_Dataset records:_

++++++++++++++++++++

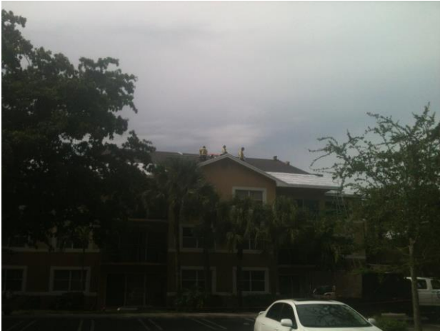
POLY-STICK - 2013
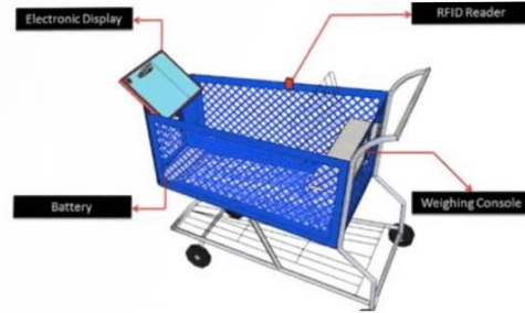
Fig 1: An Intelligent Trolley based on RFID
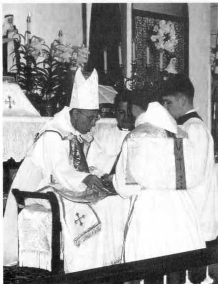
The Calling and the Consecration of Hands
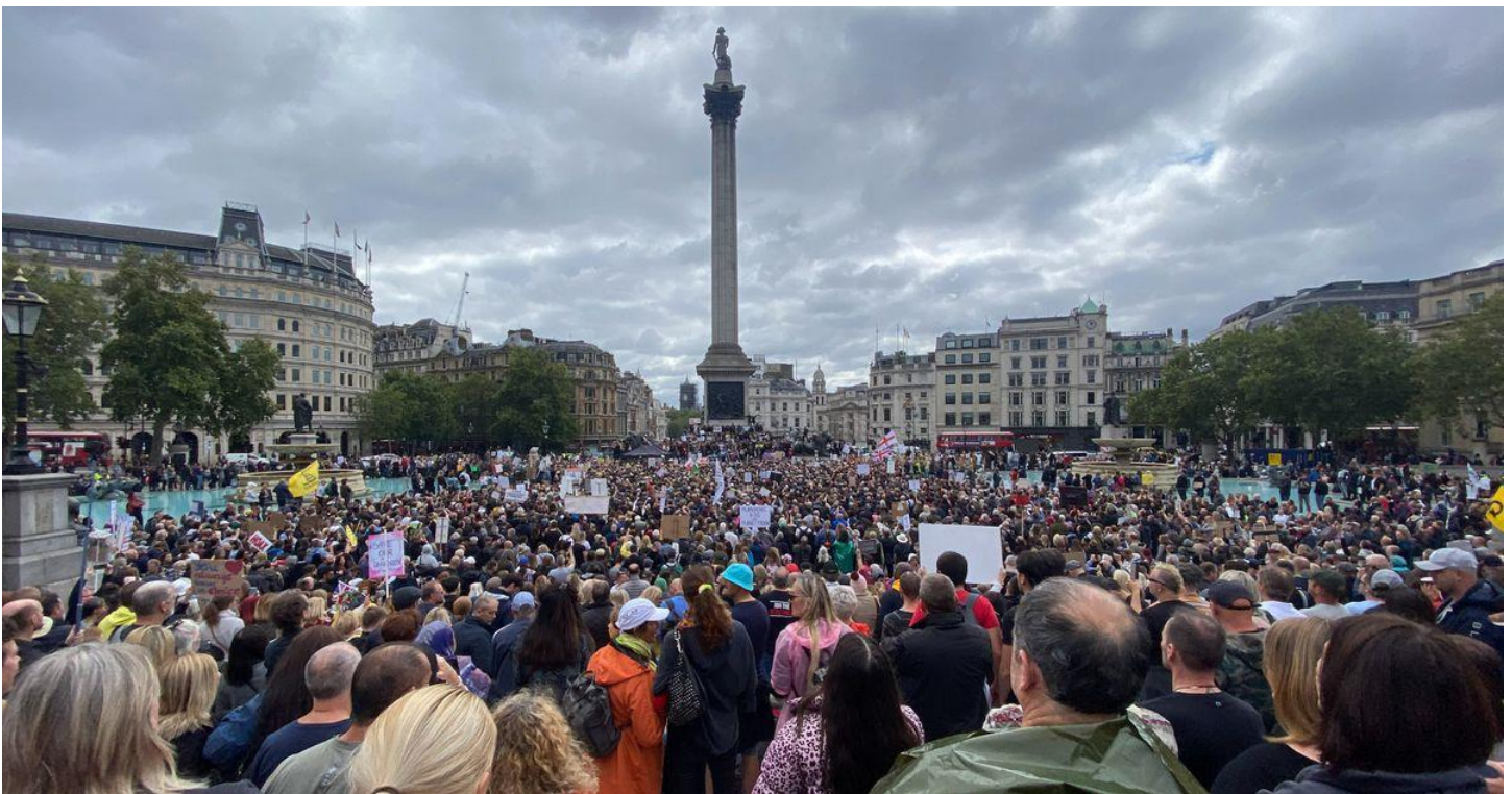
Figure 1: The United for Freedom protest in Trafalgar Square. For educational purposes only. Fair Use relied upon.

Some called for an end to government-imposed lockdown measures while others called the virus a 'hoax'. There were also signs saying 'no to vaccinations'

++++++++++++++++++++

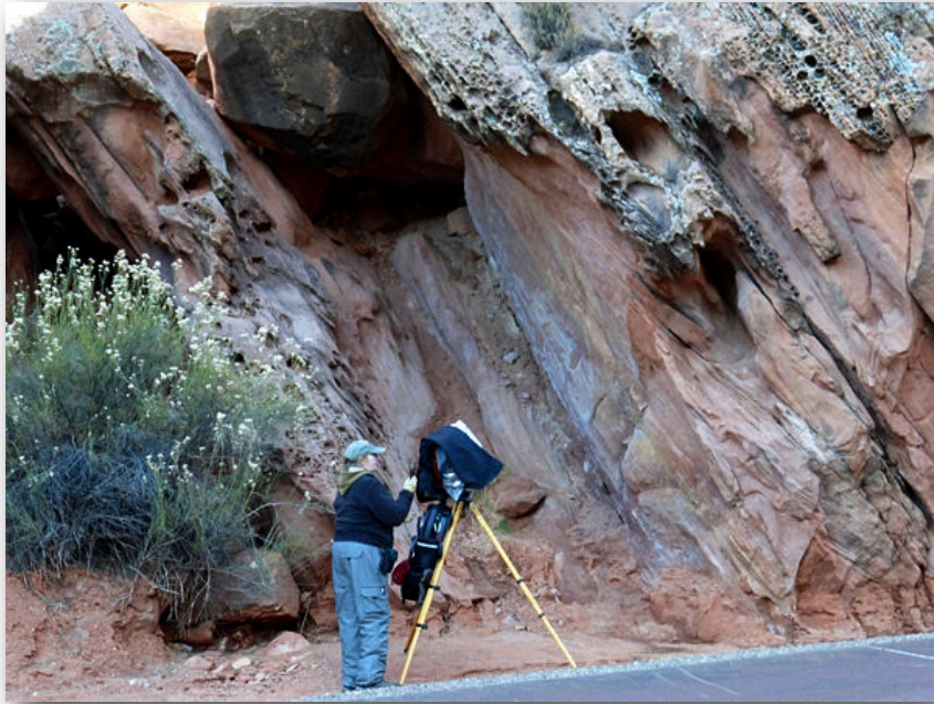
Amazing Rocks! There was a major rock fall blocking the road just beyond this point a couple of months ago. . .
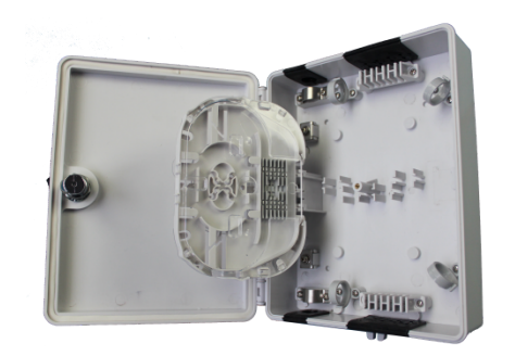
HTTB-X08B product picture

++++++++++++++++++++

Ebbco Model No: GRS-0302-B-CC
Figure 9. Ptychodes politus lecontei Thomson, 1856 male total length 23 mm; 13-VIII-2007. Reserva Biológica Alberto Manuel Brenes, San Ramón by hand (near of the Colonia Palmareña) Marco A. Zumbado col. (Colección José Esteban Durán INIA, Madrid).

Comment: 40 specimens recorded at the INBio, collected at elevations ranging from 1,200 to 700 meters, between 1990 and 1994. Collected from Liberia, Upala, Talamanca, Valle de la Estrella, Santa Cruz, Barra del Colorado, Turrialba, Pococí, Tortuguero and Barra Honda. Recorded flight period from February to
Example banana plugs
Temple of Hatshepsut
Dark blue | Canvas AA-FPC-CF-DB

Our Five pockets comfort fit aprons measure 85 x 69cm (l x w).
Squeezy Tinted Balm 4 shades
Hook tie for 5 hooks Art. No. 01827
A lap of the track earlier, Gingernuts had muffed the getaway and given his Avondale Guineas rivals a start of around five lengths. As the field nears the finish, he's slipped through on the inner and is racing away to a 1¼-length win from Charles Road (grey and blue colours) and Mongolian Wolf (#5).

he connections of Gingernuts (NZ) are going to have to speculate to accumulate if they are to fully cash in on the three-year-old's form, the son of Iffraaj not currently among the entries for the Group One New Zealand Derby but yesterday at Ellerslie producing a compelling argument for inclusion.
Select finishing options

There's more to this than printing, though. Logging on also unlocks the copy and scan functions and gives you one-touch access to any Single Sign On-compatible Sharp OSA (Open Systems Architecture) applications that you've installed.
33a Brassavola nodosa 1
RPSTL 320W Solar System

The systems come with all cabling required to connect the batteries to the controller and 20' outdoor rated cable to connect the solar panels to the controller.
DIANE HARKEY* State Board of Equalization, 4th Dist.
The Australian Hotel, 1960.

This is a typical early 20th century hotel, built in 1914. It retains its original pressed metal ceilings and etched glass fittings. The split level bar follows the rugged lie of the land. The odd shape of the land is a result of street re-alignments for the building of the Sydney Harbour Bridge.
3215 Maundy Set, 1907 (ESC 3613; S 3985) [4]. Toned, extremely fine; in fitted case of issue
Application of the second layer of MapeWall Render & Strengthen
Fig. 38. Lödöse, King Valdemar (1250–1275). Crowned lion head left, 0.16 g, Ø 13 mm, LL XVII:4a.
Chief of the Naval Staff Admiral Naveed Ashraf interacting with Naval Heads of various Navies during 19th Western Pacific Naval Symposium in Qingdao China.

++++++++++++++++++++

_Task requirements:_ Copy the lines of the data above exactly as written, beginning with the line containing "The systems come" and ending with the line containing "Chief of the", and leave out all other lines.

_Result below:_
The systems come with all cabling required to connect the batteries to the controller and 20' outdoor rated cable to connect the solar panels to the controller.
DIANE HARKEY* State Board of Equalization, 4th Dist.
The Australian Hotel, 1960.

This is a typical early 20th century hotel, built in 1914. It retains its original pressed metal ceilings and etched glass fittings. The split level bar follows the rugged lie of the land. The odd shape of the land is a result of street re-alignments for the building of the Sydney Harbour Bridge.
3215 Maundy Set, 1907 (ESC 3613; S 3985) [4]. Toned, extremely fine; in fitted case of issue
Application of the second layer of MapeWall Render & Strengthen
Fig. 38. Lödöse, King Valdemar (1250–1275). Crowned lion head left, 0.16 g, Ø 13 mm, LL XVII:4a.
Chief of the Naval Staff Admiral Naveed Ashraf interacting with Naval Heads of various Navies during 19th Western Pacific Naval Symposium in Qingdao China.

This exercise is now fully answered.